Data to examine: Begin

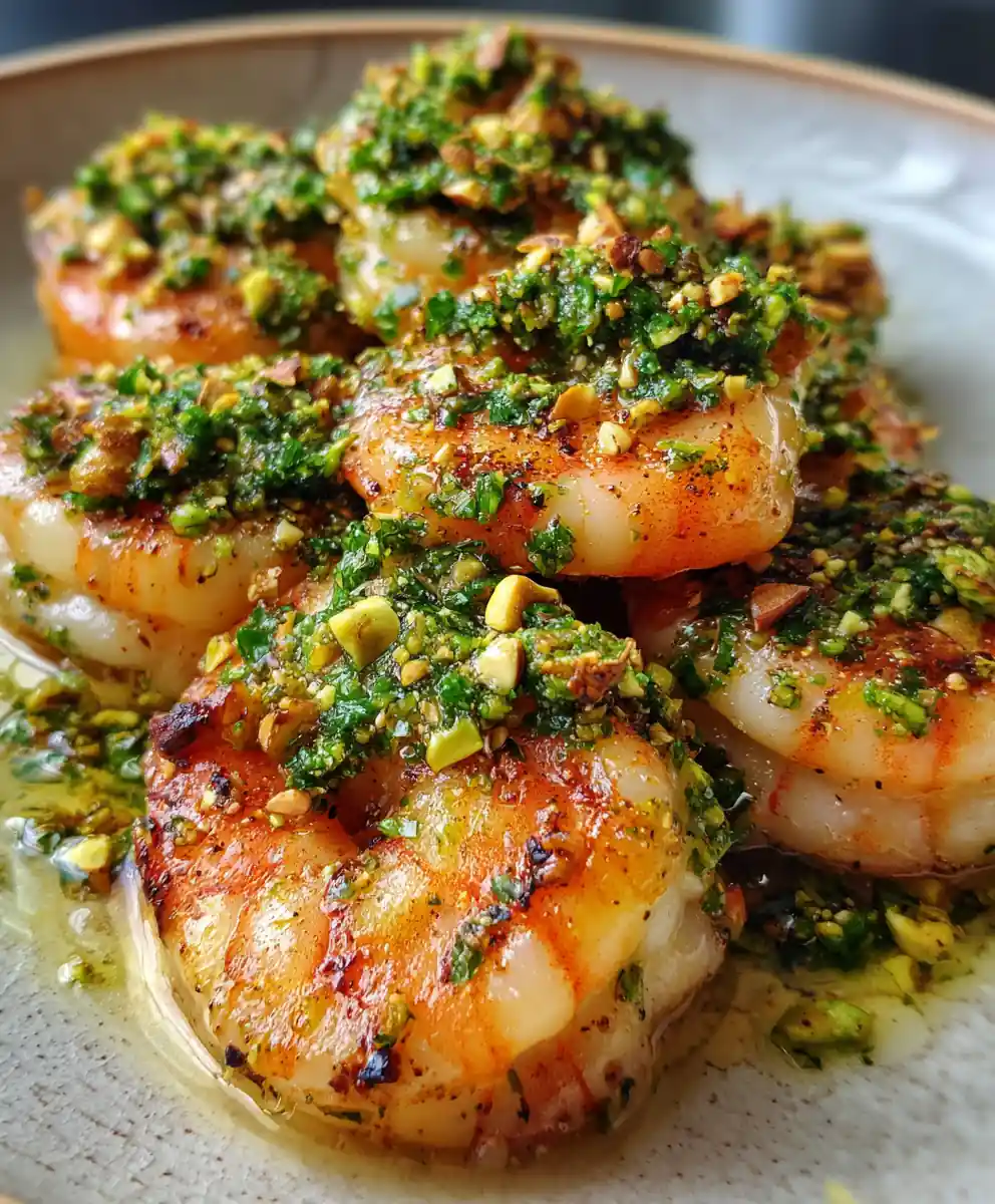 6. Finish Dish: Remove the skillet from heat. Stir in 15 ml fresh lemon juice. Arrange the tiger shrimp on a plate, spooning over the vibrant pistachio-mint gremolata. Finish with a delicate drizzle of remaining 15 ml (1 tablespoon) olive oil.
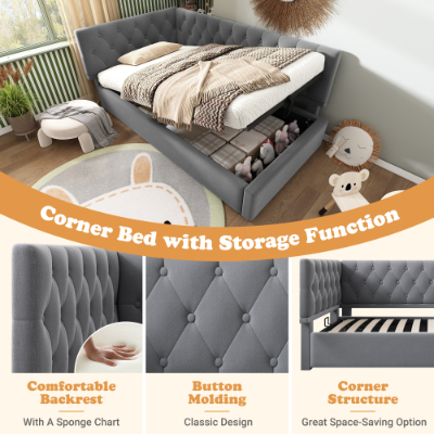 Daybed Upholstered Bed With Storage, 3FT Single Sofa Bed 90 X 190 Cm, Ottoman Bed With Hydraulic Storage, Metal Slatted Bed Frame, Velvet, No Mattres
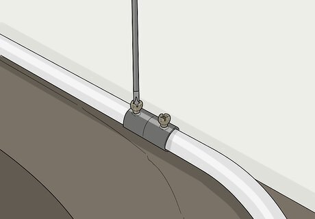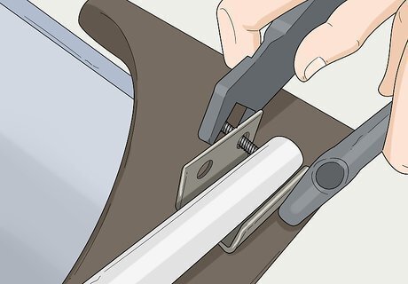 Attach the PVC pieces to the sides of your boat with conduit clamps. Get conduit clamps that match the size of your pipes to ensure a tight fit against your boat. Hold the length of pipe against the inside of your boat about 6 inches (15 cm) from the top edge. Measure every 2 feet (61 cm) along the length of pipe and make marks on your boat so you know where to place the clamps. Screw in the clamps with an electric screwdriver so they’re secured to your boat. Conduit clamps are rounded metal pieces that hold pipes in place so they don’t move around, and you can buy them from your local hardware store. You can also screw the conduit clamps into the boat seats if it’s easier than attaching them to the side of your boat. If you’re drilling through fiberglass, then cover the area where you’re making your hole with painter’s tape before you start drilling so you don’t accidentally crack or damage your boat.Tip: Don’t put the clamps too low on the boat’s body since you could cause leaks. Always install them 6 inches (15 cm) or less from the top edge.
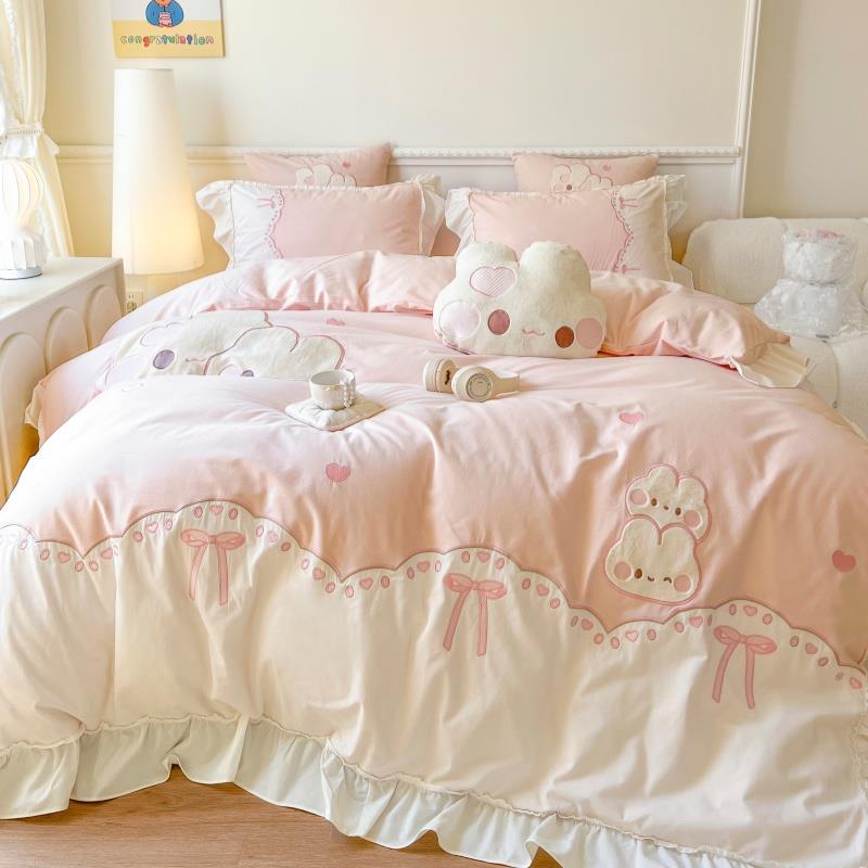 少女全棉磨毛奶油兔子刺绣四件套儿童可爱被套公主风纯棉床单床品
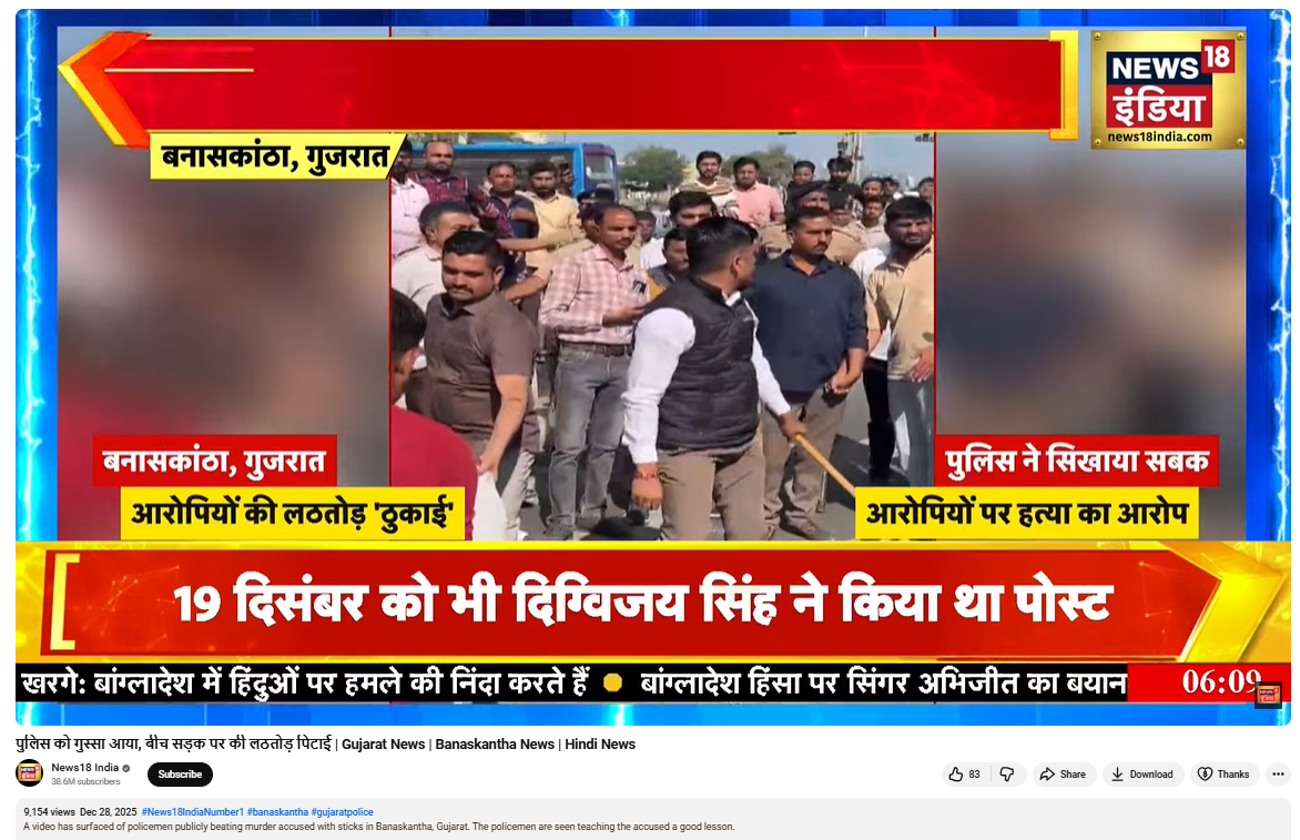 ऊपर मिली जानकारी के आधार पर गूगल सर्च किया तो हमें न्यूज 18 इंडिया के यूट्यूब अकाउंट से 28 दिसंबर 2025 को अपलोड की गई वीडियो रिपोर्ट मिली, जिसमें वायरल वीडियो से जुड़े दृश्य मौजूद थे. इस रिपोर्ट में भी वीडियो को गुजरात के बनासकांठा के पालनपुर और भरत चौधरी हत्याकांड का बताया गया था.

Data to examine: End

*Task requirements*. Keep every word of the data as it is when you write it out, but drop the pictures.

*Answer to the problem*.
 6. Finish Dish: Remove the skillet from heat. Stir in 15 ml fresh lemon juice. Arrange the tiger shrimp on a plate, spooning over the vibrant pistachio-mint gremolata. Finish with a delicate drizzle of remaining 15 ml (1 tablespoon) olive oil.
 Daybed Upholstered Bed With Storage, 3FT Single Sofa Bed 90 X 190 Cm, Ottoman Bed With Hydraulic Storage, Metal Slatted Bed Frame, Velvet, No Mattres
 Attach the PVC pieces to the sides of your boat with conduit clamps. Get conduit clamps that match the size of your pipes to ensure a tight fit against your boat. Hold the length of pipe against the inside of your boat about 6 inches (15 cm) from the top edge. Measure every 2 feet (61 cm) along the length of pipe and make marks on your boat so you know where to place the clamps. Screw in the clamps with an electric screwdriver so they’re secured to your boat. Conduit clamps are rounded metal pieces that hold pipes in place so they don’t move around, and you can buy them from your local hardware store. You can also screw the conduit clamps into the boat seats if it’s easier than attaching them to the side of your boat. If you’re drilling through fiberglass, then cover the area where you’re making your hole with painter’s tape before you start drilling so you don’t accidentally crack or damage your boat.Tip: Don’t put the clamps too low on the boat’s body since you could cause leaks. Always install them 6 inches (15 cm) or less from the top edge.
 少女全棉磨毛奶油兔子刺绣四件套儿童可爱被套公主风纯棉床单床品
 ऊपर मिली जानकारी के आधार पर गूगल सर्च किया तो हमें न्यूज 18 इंडिया के यूट्यूब अकाउंट से 28 दिसंबर 2025 को अपलोड की गई वीडियो रिपोर्ट मिली, जिसमें वायरल वीडियो से जुड़े दृश्य मौजूद थे. इस रिपोर्ट में भी वीडियो को गुजरात के बनासकांठा के पालनपुर और भरत चौधरी हत्याकांड का बताया गया था.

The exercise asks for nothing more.